日本の馬鹿な政治家が、日本ばかりではなく地球そのものを危険にさらしているのだ。
「奈美子。おれはあの刑事と一緒に行く…」
伊達は暗い天井を見つめながら低い声でつぶやいた。
「こんな理不尽なことをおれは許せない。おれは奈美子や美子を守るために、その制御ボックスというのを捜し出す。そしてそんなものが使われないように叩き壊してやる」
そう言って、伊達は美子をはさんでいる妻を見つめた。
「ええ…」
奈美子は答えた。もしかすると、と奈美子は思っていた。
正義感の強い夫だった。鷲武という刑事の話を聞く夫の目は真剣だった。その真剣さのなかに、奈美子は夫の揺れ動く気持ちを察していた。
もしも鷲武と一緒に行くといえば、自分は止めまいと決心していた。夫のわがままではない。自分と自分たちの娘を守るために行くのであれば、それを引き止める理由はない。夫の正義感がそうしているのだろう。自分や娘を心から愛しているから夫は行くのだ。ただ、夫がその制御ボックスというのを捜し出せるかどうかはわからない。無駄と分かっていても夫は行くだろう。

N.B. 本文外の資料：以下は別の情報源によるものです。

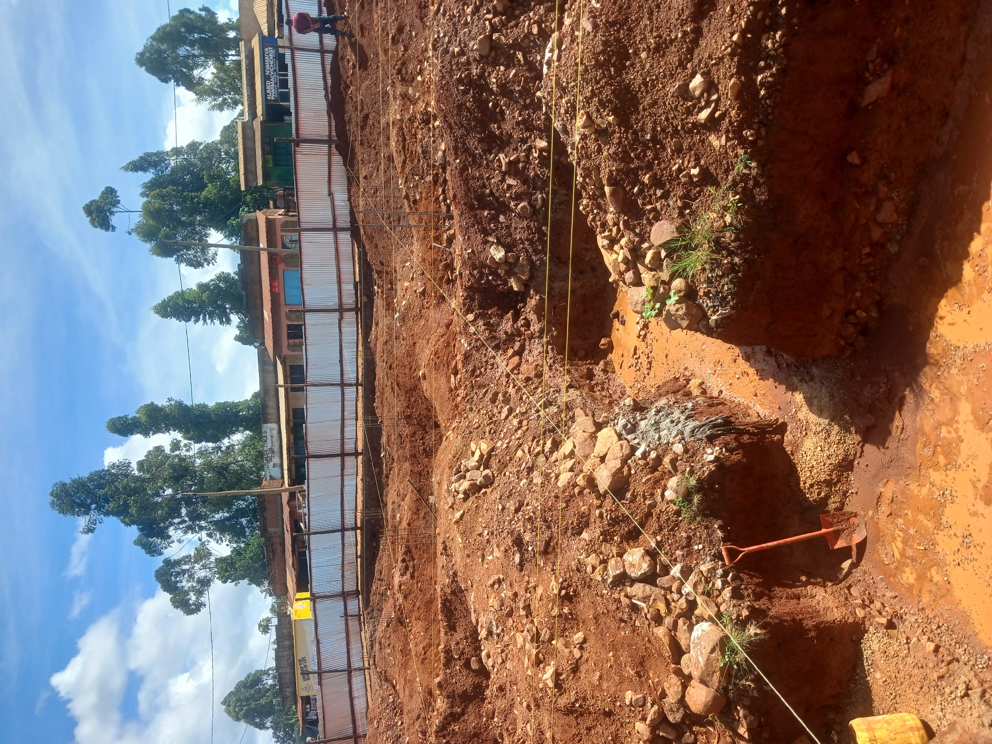 The image displays an active construction site in a commercial area of Unknown, Unknown, under a clear blue sky with scattered white clouds. The foreground and midground are dominated by reddish-brown excavated earth, featuring multiple trenches and pits, some partially filled with muddy water. An orange shovel is positioned upright in a muddy trench on the left, near a pile of small gravel. A yellow plastic jerrycan is visible in the lower-left corner. Yellow string lines are taut across the excavated terrain, indicating marking or leveling. Several rebar cages for concrete foundations protrude from the earth in various pits. A corrugated metal sheet fence separates the construction zone from a row of single-story commercial buildings in the background. These buildings have diverse facades; visible signs include "ALIMED NYAMAYA PHARMACY CHEMIST" on a white building, and "UTILILISHI CYBER & SALOON" on an adjacent yellowish structure. Two individuals are present: one man, wearing a reddish-brown shirt and dark trousers, stands on the right side of the construction site facing away from the camera, near the fence. A second person, in a light-colored top, is partially visible behind the fence, in front of a red-painted building. Tall green trees, consistent with eucalyptus, rise behind the buildings, and black utility wires stretch horizontally across the upper portion of the frame.

「美子をたのむぞ。奈美子にもすまないと思う。だが、美子があの球体を手に入れたのも、鷲武という刑事が現われたのも、医院が襲われたのも、おれは何かの運命のように思う。その運命のなかにおれは足を踏み入れようと決心した。世界がどうなろうとおれには知ったことじゃない。どこにいようとも核ミサイルが爆発したら死ぬことには変わりはない。だが、運命がおれを招いているいじょう、勝手な判断をするのなら、おれに何かが出来るかもしれないということだ。おれの運命という奴が、奈美子や美子のためにその何かをやれというのなら、おれはそれをやらなければならない…」
伊達の声が暗い部屋に響いていた。
「ええ…」
奈美子は体の向きを変えて、寝息をたてている美子の顔を見つめた。
「気をつけてね…」
奈美子は美子の頭を撫でながら夫に言った。